One of the strongest signals identified was close to the ABO gene (smallest psel; Table S2), which encodes the ABO blood group system. We found that alleles tagging the A and B blood groups53 are candidates for positive selection (psel < 0.01; Table S3), suggesting that the frequency of individuals with the A, AB, and, particularly, B groups has increased through positive selection over the last few millennia. The A and B groups have been shown to confer limited protection (OR > 0.94) against childhood ear infections54,55 and mild susceptibility (OR < 1.13) to malaria and coronavirus disease 2019 (COVID-19),53,56 consistent with the action of balancing selection.57 Our analyses indicate that the bulk of recent genetic adaptation in Europe has primarily concerned genes involved in the host response to infection, suggesting that pathogens have imposed strong selective pressures over the last few millennia.

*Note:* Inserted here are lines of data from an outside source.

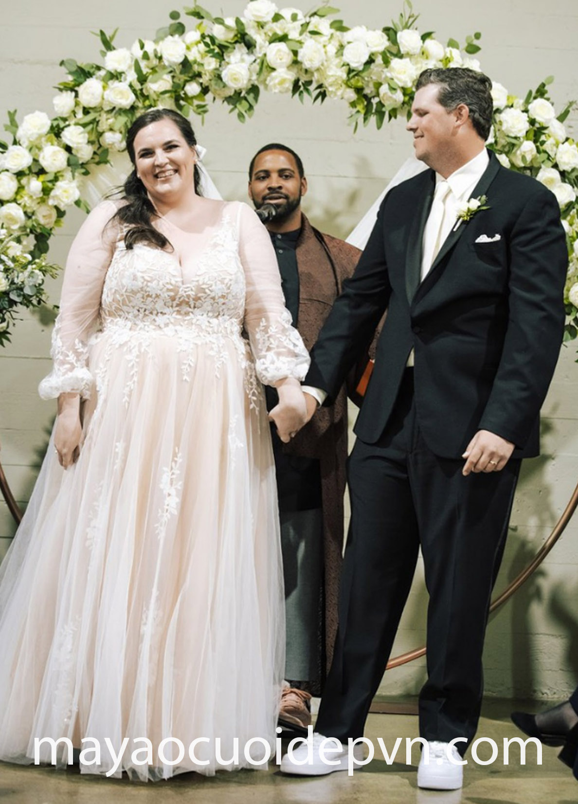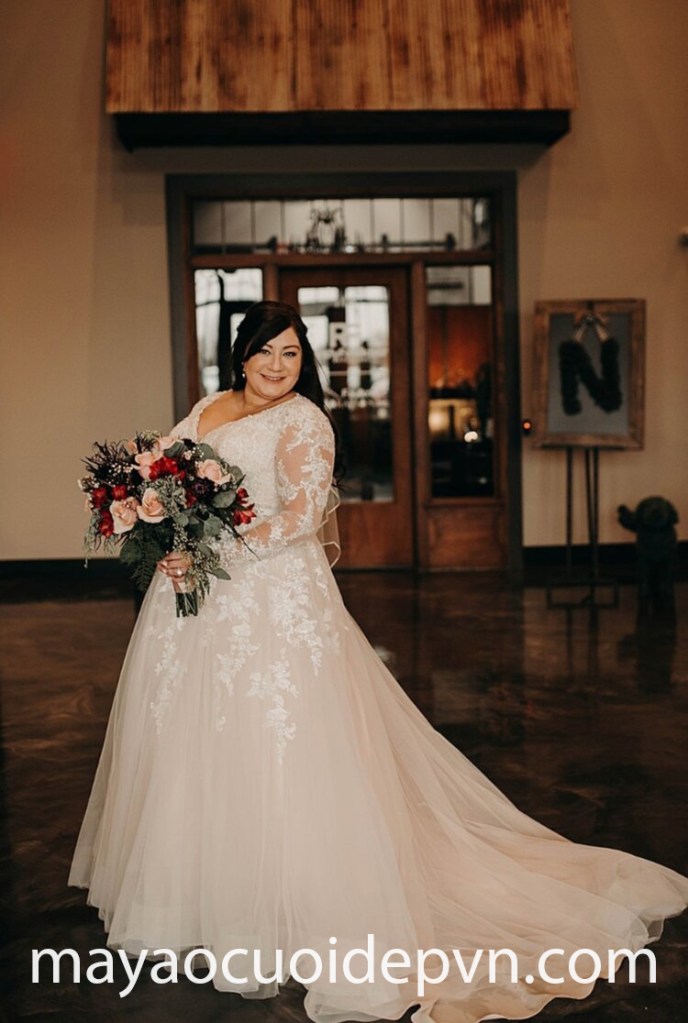 Những cô dâu tổ chức lễ cưới trong nhà thờ hoặc yêu thích phong cách lịch thiệp cũng có thể diện lên người những mẫu áo cưới big size tay dài. Bí quyết mặc đẹp là bạn nên chọn các kiểu tay áo xuyên thấu được trang trí với ren hoặc đính kết có mật độ vừa phải, không quá dày đặc để cánh tay trở nên nhẹ nhàng hơn.
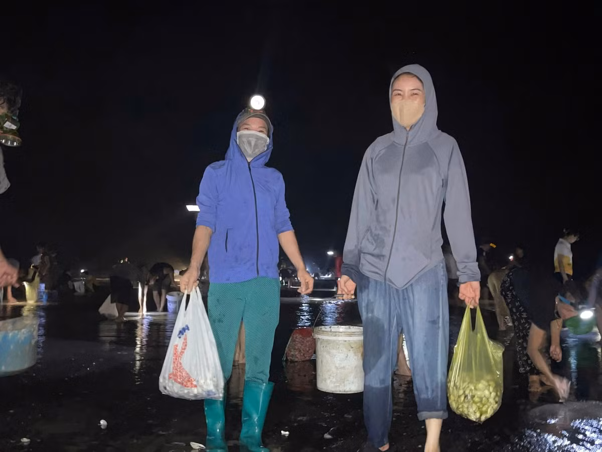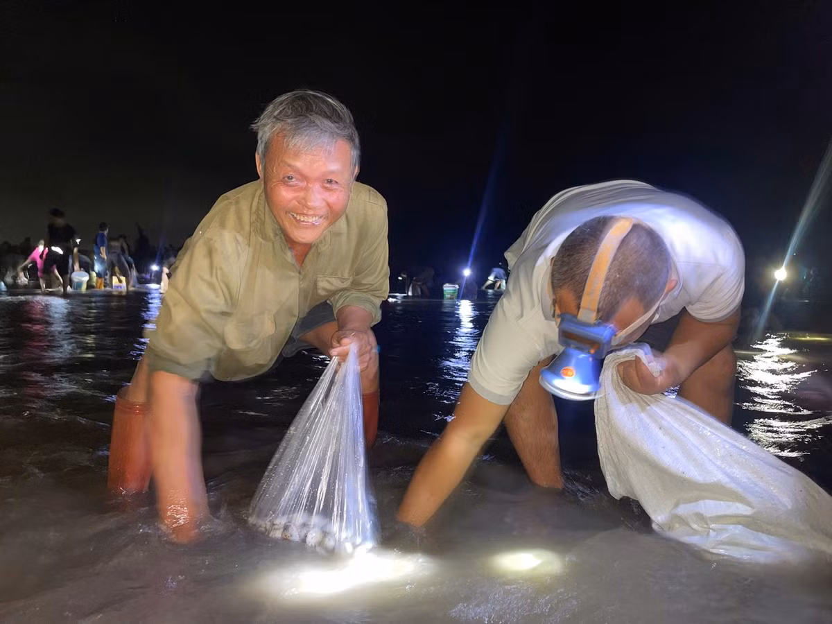 Sau bão số 10, bãi biển Ninh Bình phủ trắng bởi ngao, sò dạt vào bờ, người dân đổ xô ra bãi biển nhặt “lộc biển”, nhiều người tranh thủ kiếm thêm thu nhập.
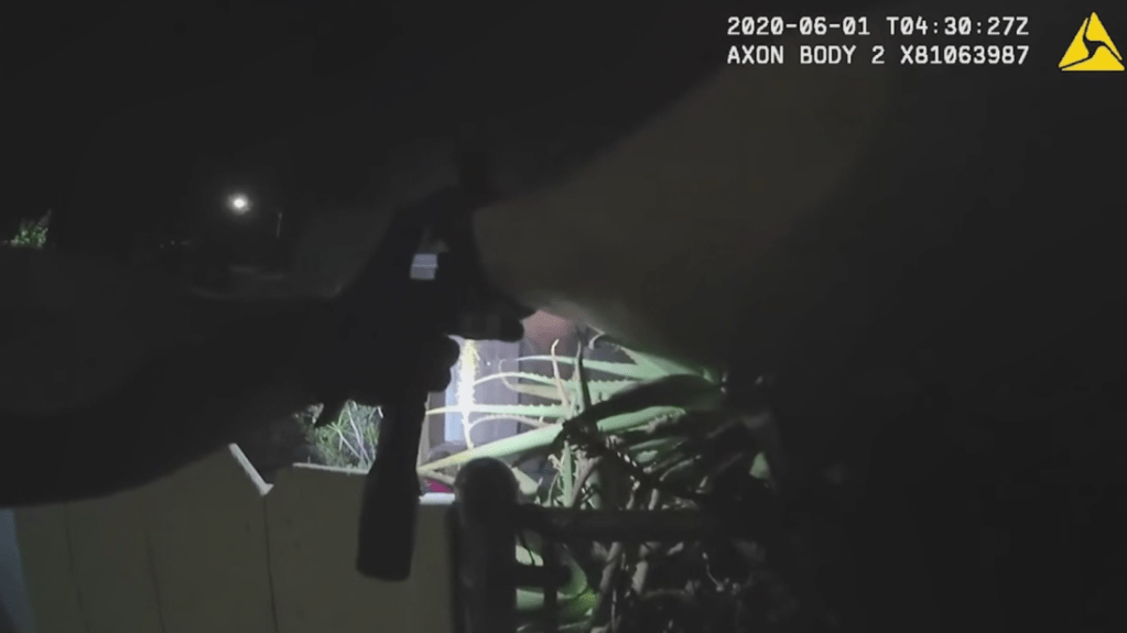 Since the animal was a pit bull, Officer Aguila told Officer B to bring her an off-duty snub nose revolver from the car. Officer B brought the revolver and tossed it over the fence to Officer Aguila. She then made her way to the back. To get to the back door, she had to plow through the rose bushes that blocked off the yard.
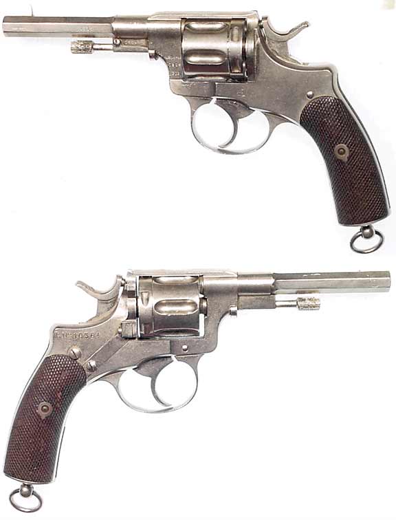 SWEDISH Model 1887 Nagant revolver #1312 (7.5 Swedish Nagant) mfg. by Husqvarna in c.1899. Very Good Plus condition with excellent mirror-bore and all-matching numbers. Nickel-plated, likely by a Swedish officer long-ago. Unit-marked L № 10364 on right side of frame. Lovely checkered walnut grips, minor holster-wear and some oxidation of finish over the last Century. Totally functional, not import-marked. PHOTO . . . $225. C&R
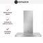 Для удобства пользователя следует выбирать вытяжку так, чтобы глубина даже самого большого купола не превышала глубину столешницы. У большинства современных купольных моделей глубина точно равна ширине, поскольку и стандартные варочные поверхности чаще всего имеют квадратную форму. Это значит, что вытяжка должна располагаться точно над поверхностью плиты, так, чтобы их оси совпадали. Стандартные размеры глубины таким образом могут составлять 30, 45, 50, 60, 80, 90, 100, 120 см.
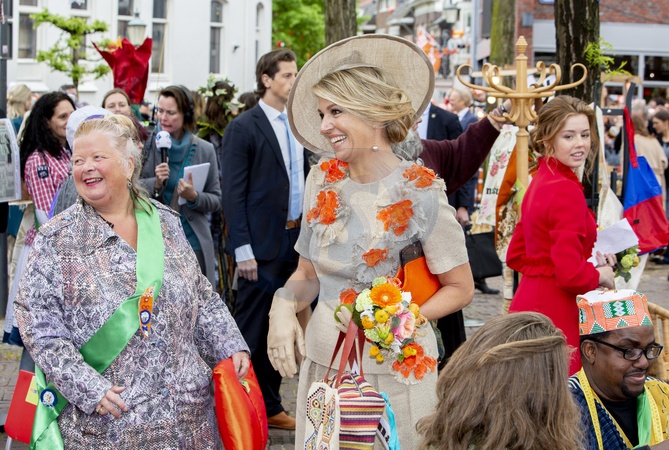 Holenderski Krol z zona i corkami podczas Kings Day Celebrations
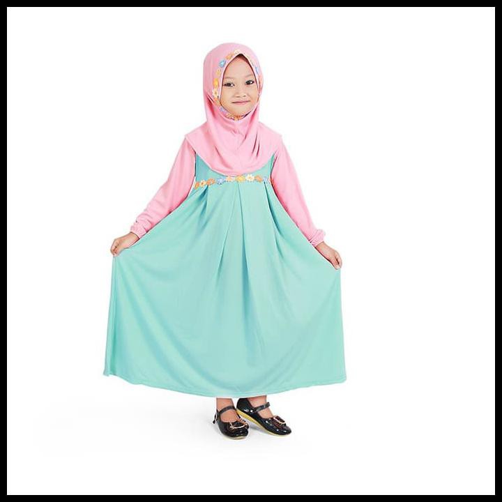 Baju Muslim Gamis Anak Perempuan Warna Mint Peach Lucu Simple
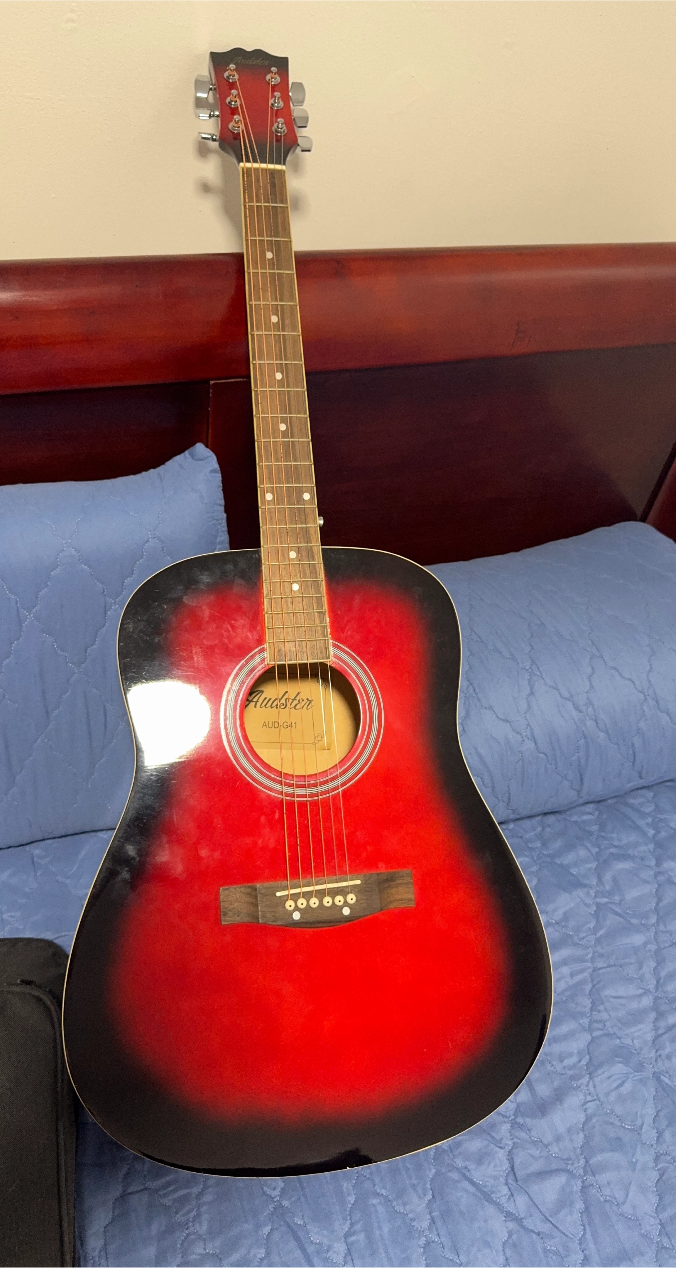 Selling an Audster AUD-G41 acoustic guitar in a vibrant red color! It's a great instrument for beginners or anyone looking for a fun guitar to play. It's in good condition and ready to make some music
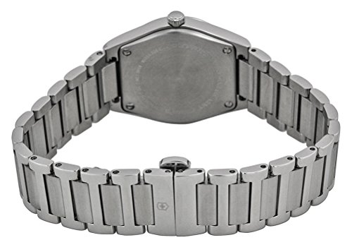 Featuring a stylish cream dial, this elegant ladies Victoria is the perfect accessory for any occasion. . . . . Cream dial with silver-tone hands and markers features an enamel pattern that radiates from the Victorinox logo position . . Stainless steel case and bracelet . . Anti-reflective sapphire glass crystal is virtually scratch-proof . . Luminous hands . . Caseback with screws . . Low battery indicator . . Stainless steel bracelet features a push-button deployment clasp . . Date window at the 6 o'clock position . . Water resistant to 100 meters (330 feet) . . Case width 28mm (approximately 1 1/8 inches) . .
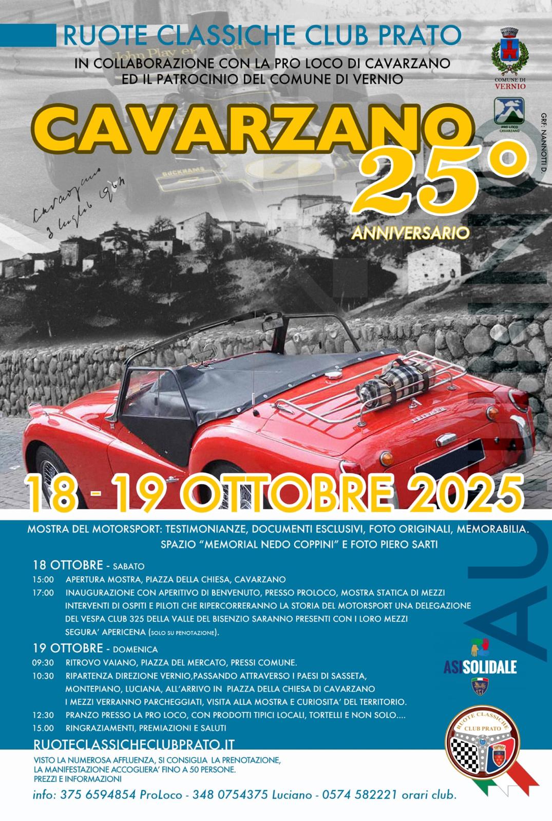 Arrivano le auto d’epoca a Cavarzano per celebrare i 25 anni del raduno organizzato dal club Ruote Classiche di Prato con una mostra in piazza della Chiesa, nella frazione del Comune di Vernio, in collaborazione con la Pro Loco di Cavarzano e con il patrocinio del Comune.

Genetic adaptation has occurred principally since the Neolithic period

We then explored the time at which positive selection began at the 89 candidate loci by determining whether selection occurred before or after the start of the Bronze Age (Figure S1C). For more than 80% of loci, selection was estimated to have begun after the beginning of the Bronze Age (<4,500 ya) (Figures 1B–1D). Indeed, the distribution of T estimates for the top 89 variants was not consistent with a uniform distribution across time (p = 1.3 × 10−4), with a time of selection onset more recent than expected (Tmean = 3,327 ya; Figure S3A; Table S2). This result cannot be explained by differences in detection power because our approach has a higher power for variants with selection beginning at earlier periods (Figures S2B and S2C). Using 100 distributions of T estimates obtained from 89 simulated variants drawn with uniform durations of selection and matched for allele frequency and selection intensity, we also checked that the distributions were not skewed toward T estimates postdating the beginning of the Bronze Age (padj > 0.05 for all 100 distributions; Figure S3A), suggesting no methodological bias because of the nature of the data used. Furthermore, the excess of signals of positive selection detected after the Bronze Age is not due to reduced power to detect short-lived events of selection starting in the Neolithic period (e.g., epidemics caused by extinct pathogens), and the top 89 variants present frequency trajectories consistent with their estimated selection onsets (Figures S3B–S3D). Finally, given that the ancient and modern DNA datasets were processed differently, batch effects could have resulted in a sudden change in allele frequency in the last epoch and, therefore, a bias of T toward more recent times. However, when estimating T for aDNA only, we again obtained a significantly larger fraction of estimates <4,500 ya (n = 67/89; p < 10−3; Figure S3E). Together, these analyses support a scenario in which most of the detected positive selection events have occurred since the Neolithic period.

We next reasoned that the arrival of populations from the Pontic-Caspian region ∼4,500 ya may have brought beneficial variants that continued to be subject to positive selection in the resulting admixed population, a process known as adaptive admixture.58,59 In this case, we would expect to see a positive correlation between Pontic Steppe ancestry and the probability of carrying positively selected alleles. However, no significant differences were observed between positively selected alleles and matched controls (padj > 0.05 for all matched samples; STAR Methods), and no systematic bias was observed in the ancestry of simulated and observed aDNA samples (Figure S4A). Our results therefore rule out adaptive admixture as the main driver of positive selection in post-Neolithic Europe, instead suggesting that there has been selection on standing variation; most of the alleles that became beneficial after the Bronze Age were already present in Neolithic Europe (Figure S4B).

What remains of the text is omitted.